For context, I myself have only ever taken the ACT, but these tests are mostly the same format. They both have a math, reading and writing section and last roughly 3 hours. They require a lot of concentration over an extended period of time. They both put undue stress upon students.
When it gets down to it, neither necessarily measures your comprehension of the material. Knowing how to take the ACT/SAT is what really improves your score. Knowledge that can’t transcend to every student, whether it be to lack of proper (and often not free) resources or not fitting into a particular mold. It cannot always predict how “good” a student will be.
More and more colleges and students alike have realized this, beginning to advocate for the SAT and ACT to not be a requirement for college admissions.
I believe that they should be done away with for good.
One of the biggest criticisms lobbed at the ACT and SAT is that they don’t measure learning that happens in school. In other words, they aren’t reflective in the type of learning that many teachers hope to promote.
“As for what my colleagues and I value, which are problem solving skills, perseverance and problem solving, it’s not accurate to the values that we hope we get across in our lessons,” Mr. Jury (Advanced Precalculus and Honors Calculus) said.
These two tests focus on speed and don’t promote problem solving or how to completely understand material. The math section often boils down to calculator skills and not necessarily how the material is applicable.
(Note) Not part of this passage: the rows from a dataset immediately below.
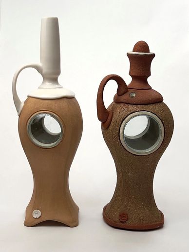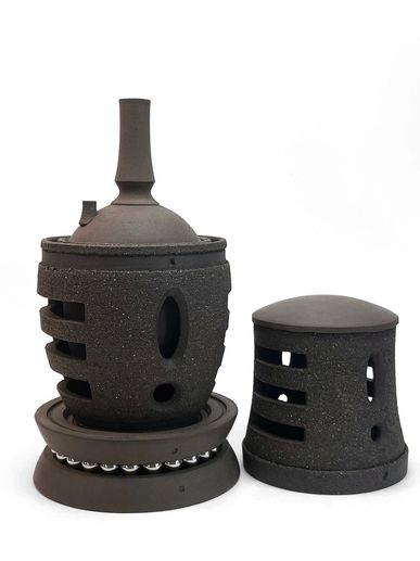 This vessel integrates clay and wood in a refined exploration of form and function. The spherical body, crafted in brown clay, is marked by linear incisions that define its shape and movement. A circular window punctuates the surface, allowing a view into its interior and inviting interaction. A cedar wood handle contrasts with the ceramic body, adding a tactile and visual counterpoint. The vessel rests on a pedestal base, providing stability and presence. A cylindrical companion piece complements the design with vertical accents. This work balances utility and artistry, merging material and form with thoughtful precision.
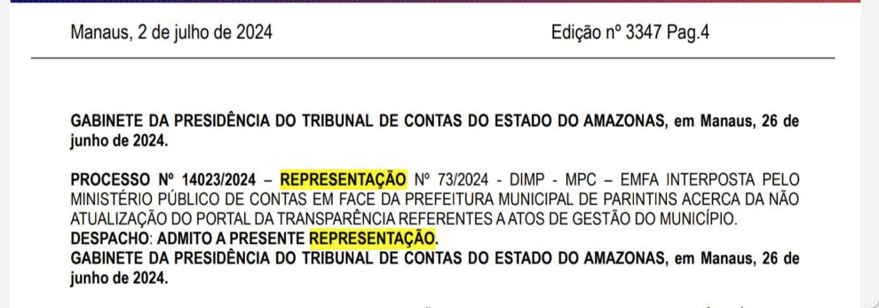 A pedido do Ministério Público de Contas, o Tribunal de Contas do Amazonas (TCE-AM) aceitou nesta segunda-feira (2/7), uma representação contra a Prefeitura de Parintins, liderada por Bi Garcia (PSD), para exigir a atualização do Portal de Transparência da cidade.
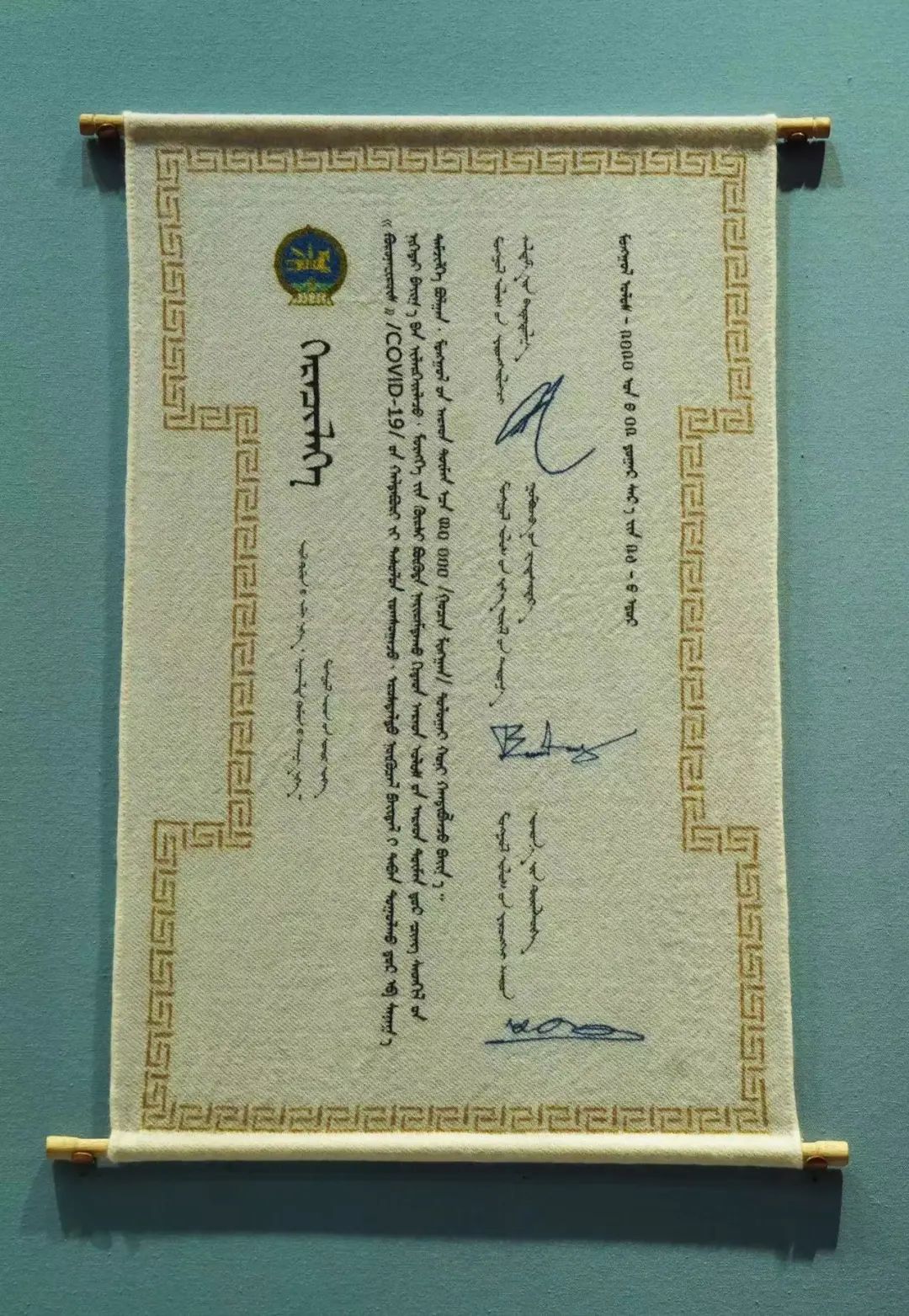 Photo shows a parchment presented by Khaltmaa Battulga, then president of Mongolia, to Chinese President Xi Jinping in February 2020 as the certificate for the donation of 30,000 sheep from Mongolia to China to support China's fight against COVID-19. (Photo/Hu Yang)
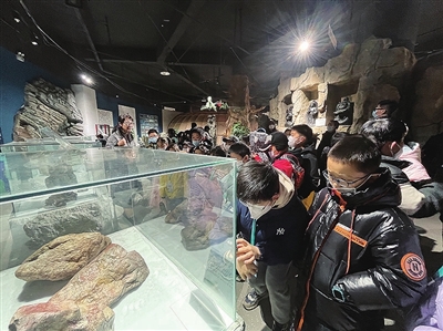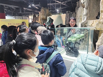 在“他山之石”展厅内,有一颗直径80多厘米的夜明珠,是博物馆收藏的镇馆之宝。为了让小记者们更好地观察夜明珠的特点,曲俊杰将馆内灯光关闭,邀请小记者见证“奇迹一刻”:就在博物馆陷入漆黑一片的瞬间,夜明珠发出了荧荧之光。“哇——”“好神奇!”“太美了吧”……小记者发出一片惊呼,深深地被吸引了。
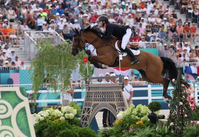 8月2日,英國隊選手查爾斯在比賽中。當(dāng)日,在巴黎奧運會馬術(shù)團體場地障礙大獎賽決賽中,英國隊奪得金牌。新華社記者 楊磊 攝
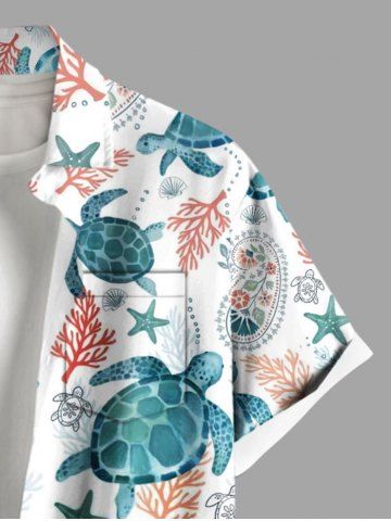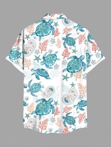 Chemise hawaïenne grande taille pour homme, à imprimé tortue, cachemire, fleurs, feuilles et étoiles de mer, boutons et poche. - Blanc - Blanc

Often a different type of studying is needed, since these tests measure a different skill than what is taught. Meaning that extra resources (such as tutors, books and practice tests) are required to get a grasp of the tests and crack the code, so to speak. This often means lower-income students, the students who often rely on getting higher scores on the ACT and SAT for more scholarship money, are presented with an extra roadblock compared to higher income students with access to outside materials.
The ACT and SAT, in essence, don’t reflect the academic merits of applicants. One study found that making admissions tests optional did not impact students’ graduation rates or GPAs in college. Students who did not submit scores were often minorities, lower-income students limit or keep these groups of students out of the college system.
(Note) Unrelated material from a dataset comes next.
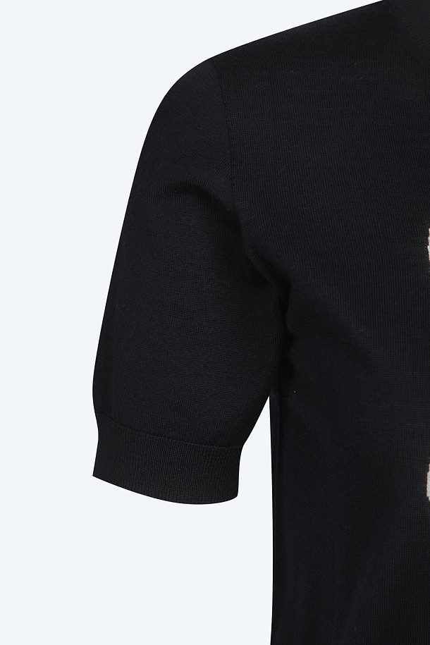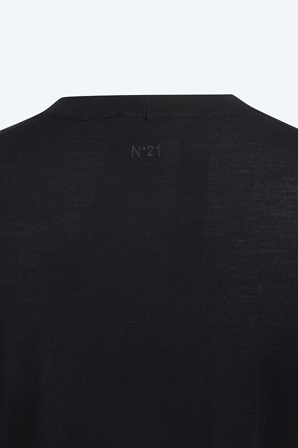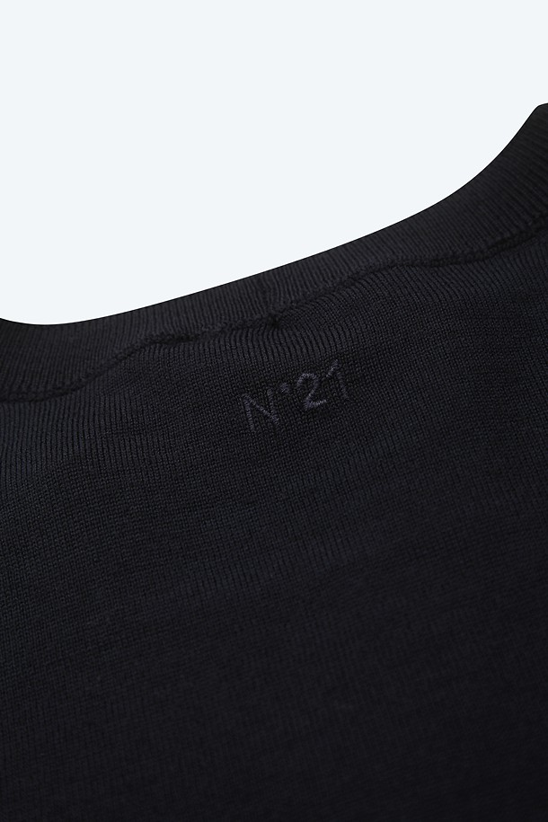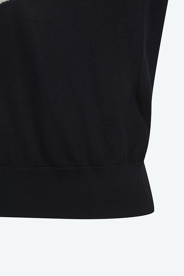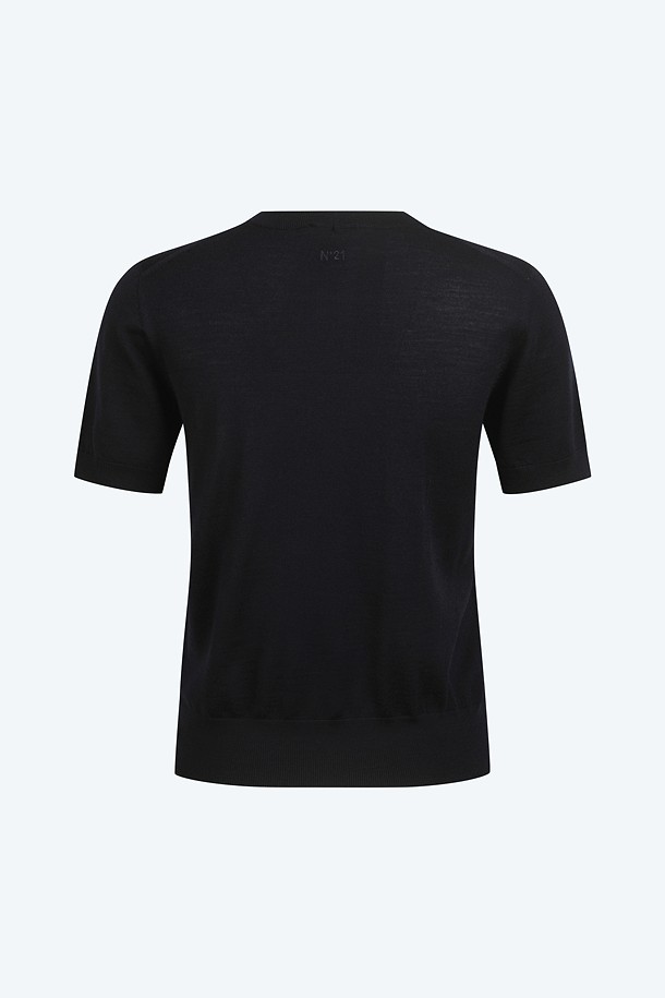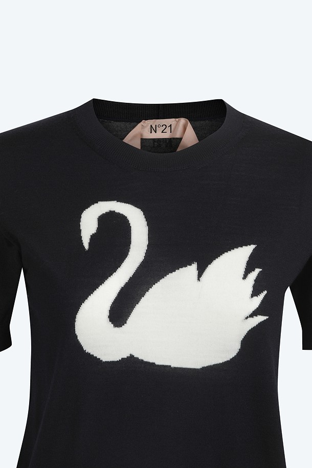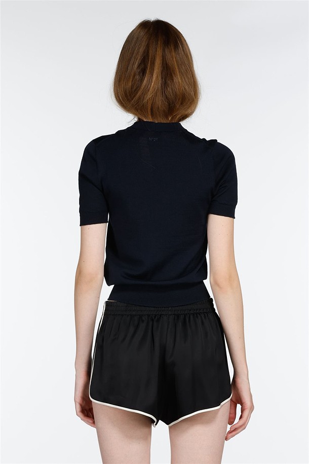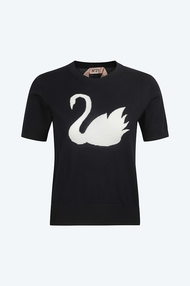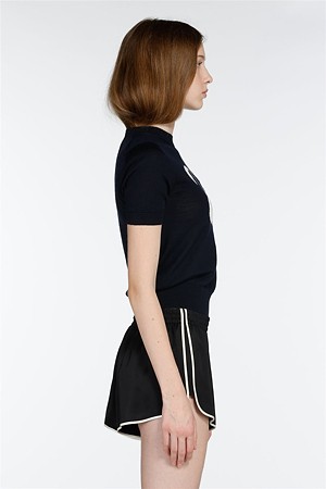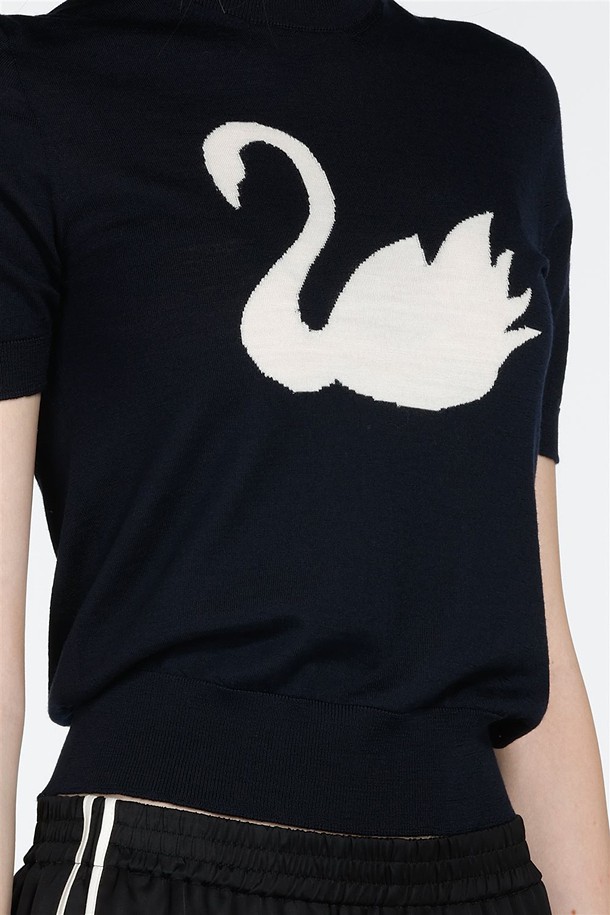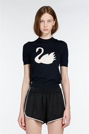 네이비 라운드넥 스완 하프 니트
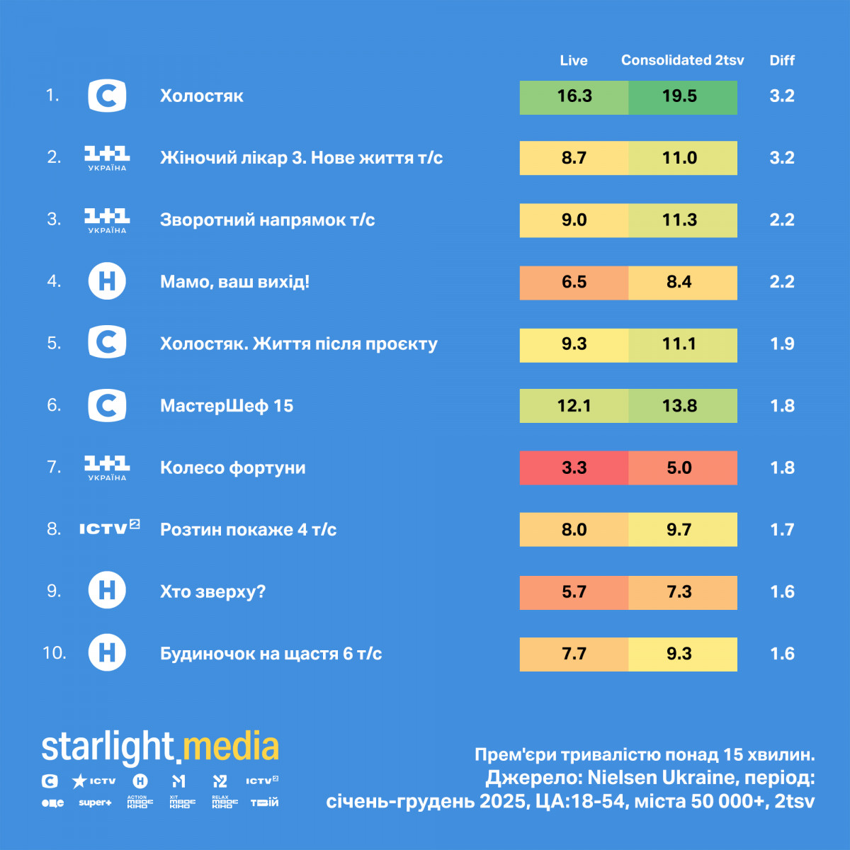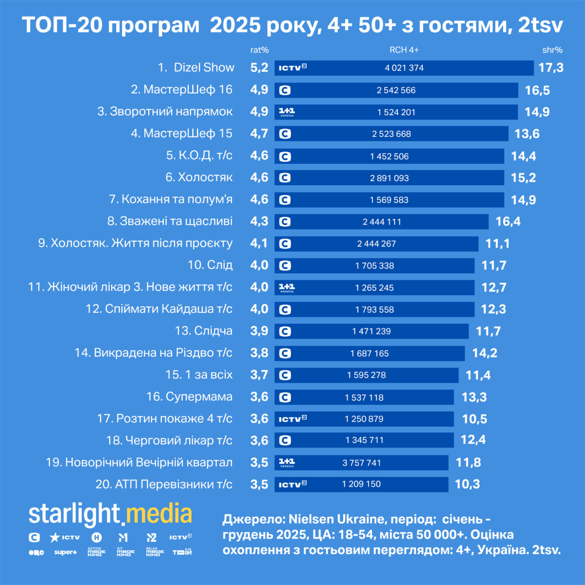 До двадцятки найрейтинговіших продуктів 2025 року за комерційною аудиторією 18–54, 50 тис.+ увійшов переважно контент каналів групи Starlight Media. Очолили перелік топові проєкти СТБ та ICTV2: головна прем’єра осені «Холостяк», «МастерШеф» і новорічний випуск Dizel Show. Далі в рейтингу – серіальні хіти від СТБ: «К.О.Д.» та «Кохання та полум'я». Також у двадцятці – проєкти СТБ «Супермама», «Зважені та щасливі», постшоу «Холостяка». Ще дві сходинки – за контентом каналу «1+1 Україна»: серіалом «Зворотний напрямок» та шоу «Новорічний Вечірній квартал». Близько половини тайтлів у переліку найкращих – кінопоказ: більшість фільмів вийшли в ефірі Нового каналу, ще один – на ТЕТ.

The recent change to the SAT isn’t the first overhaul in even a decade. The SAT revised its content back in 2014 and made it so wrong answers no longer penalized your score and the writing section became optional. In 2021, the writing section was done away with for good, along with SAT subject tests, a previous requirement for some elite colleges.
The College Board has realized that it’s reign in the education market is starting to weaken as many point out flaws in its test that is supposed to act as the marker for a great student. The SAT writing section in particular was found to be seriously flawed, with a study by MIT Professor Les Perlemen finding that it didn’t necessarily reward talent in writing. Rather, high scores were achieved by using favored characteristics (such as quotes of famous people, fancy words and overall writing a large amount) that, regardless of relevance to the topic, earned a higher score on average.
So what’s next? College admissions offices are still flooded with thousands of applications each year and must sift through them all quickly. A simple, recognizable number that tests like the SAT and ACT provided were a perfect solution to this problem; but, with their reliability and credibility increasingly under fire, colleges must find an alternative.
Although I don’t have a great answer for this problem, the college admissions system should be working towards not just a better measure of success, but one that focuses on what’s learned in high school classes.
Education is propagated as the great equalizer, that it is the key to success. There is truth to that. A study conducted by the National Bureau of Economic Research found that lower-income students admitted to elite colleges often end up with similar earnings outcomes as students from a high-income background. However, the SAT and ACT hold back many who deserve the opportunity and who have the ability to succeed. Discontinuing the SAT and ACT alone won’t be the answer to creating a more equitable education system, but it’s a good place to start.